Not to play a game of one-upmanship with the Western observance of this holiday, but I’ll point out that the Orthodox method of determining the date of Christ’s comeback is a bit more straightforward: Basically, Easter should fall on the first Sunday after Jewish Passover, based on the acknowledgment that Jesus celebrated Passover a few days before his crucifixion and resurrection.

Simple, although linkage with Jewish ritual is pretty much the root of this East-West schism:

The belief gradually grew that the phrase “with the Jews” was to be understood literally and that the Holy Fathers at Nicea had decreed that the Christian Easter must not, even accidentally, occur on the same day as the Passover; rather, it must be celebrated later.
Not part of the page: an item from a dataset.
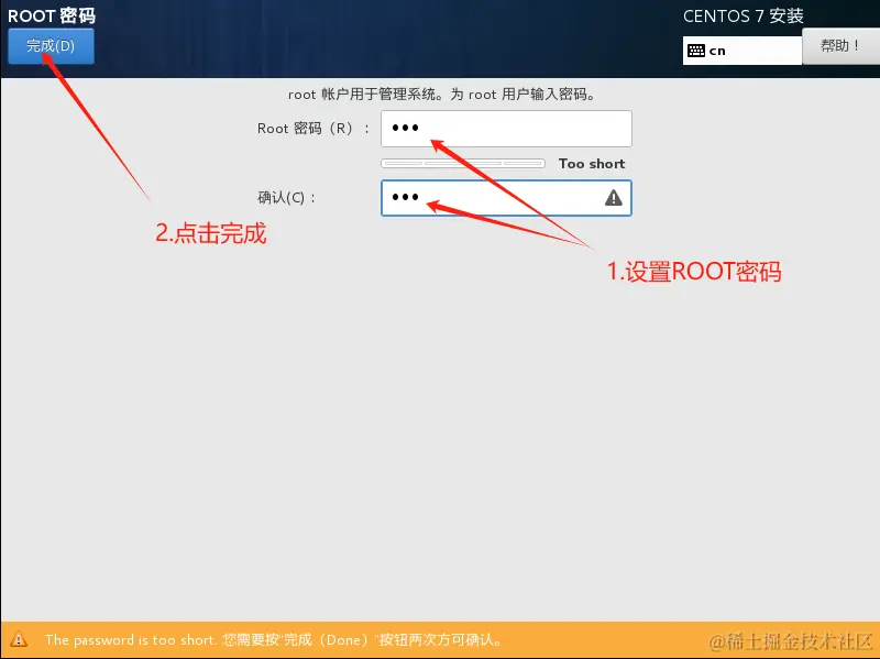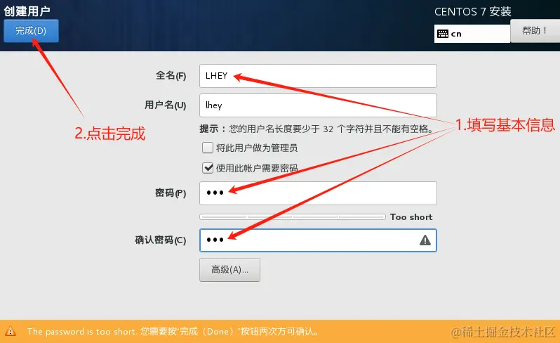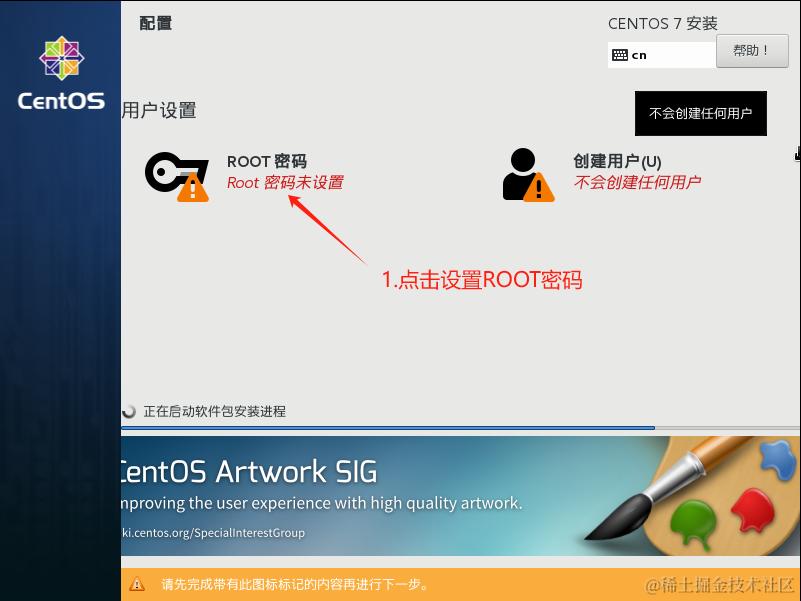 8.安装开始后,页面需设置用户设置,填写最高管理员密码和创建用户,如下图所示:

As a matter of fact, however, such an interpretation was not only inaccurate but contrary to the spirit of what was decreed at Nicea, considering that acceptance of this interpretation necessitates a chronological relationship between the Christian Easter and the Jewish Passover, the very undesirable connection the Great Council sought to abolish.

Contrast that with the hoops that Catholics and Protestants have to jump through to determine their annual Easter Sunday calendar spot. The lunar-calendar calculations are so complex that they had to come up with something called Computus, basically an ecumenical math algorithm.

All told, I’d rather stick “with the Jews”.